--- Data section ---

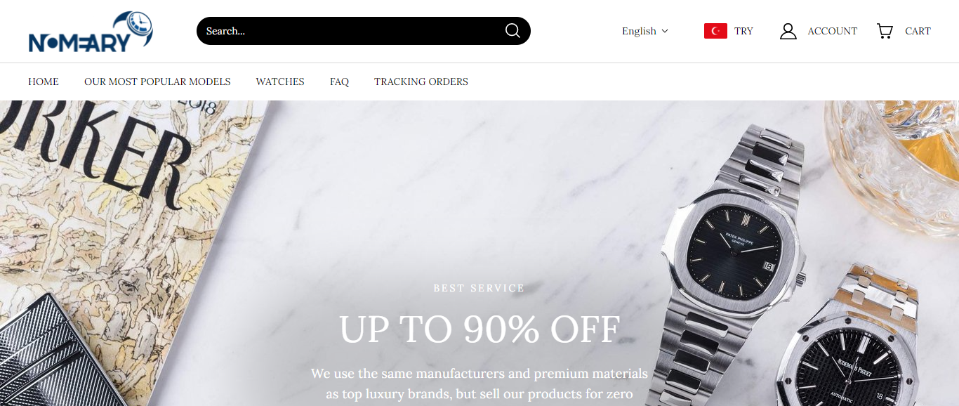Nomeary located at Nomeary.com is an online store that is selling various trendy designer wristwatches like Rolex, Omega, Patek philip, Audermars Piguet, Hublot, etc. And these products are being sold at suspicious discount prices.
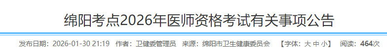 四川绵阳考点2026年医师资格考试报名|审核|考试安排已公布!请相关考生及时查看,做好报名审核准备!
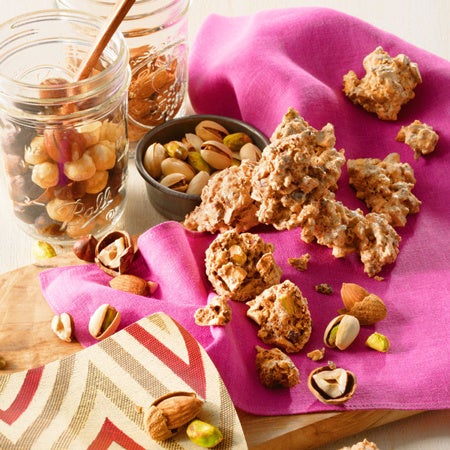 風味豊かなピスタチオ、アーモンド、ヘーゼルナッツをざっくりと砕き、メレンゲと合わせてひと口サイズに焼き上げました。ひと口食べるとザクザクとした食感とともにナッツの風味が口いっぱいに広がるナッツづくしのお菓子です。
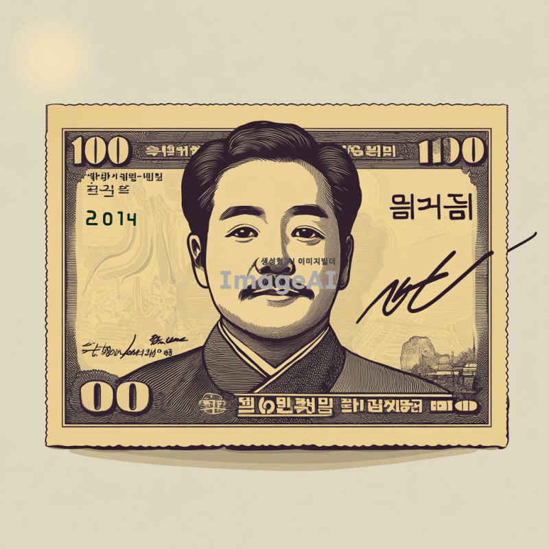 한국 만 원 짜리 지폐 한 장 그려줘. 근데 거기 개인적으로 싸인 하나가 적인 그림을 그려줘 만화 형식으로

---

Give back the whole listing exactly; no pictures.

▶ _Solution to this problem_
Nomeary located at Nomeary.com is an online store that is selling various trendy designer wristwatches like Rolex, Omega, Patek philip, Audermars Piguet, Hublot, etc. And these products are being sold at suspicious discount prices.
 四川绵阳考点2026年医师资格考试报名|审核|考试安排已公布!请相关考生及时查看,做好报名审核准备!
 風味豊かなピスタチオ、アーモンド、ヘーゼルナッツをざっくりと砕き、メレンゲと合わせてひと口サイズに焼き上げました。ひと口食べるとザクザクとした食感とともにナッツの風味が口いっぱいに広がるナッツづくしのお菓子です。
 한국 만 원 짜리 지폐 한 장 그려줘. 근데 거기 개인적으로 싸인 하나가 적인 그림을 그려줘 만화 형식으로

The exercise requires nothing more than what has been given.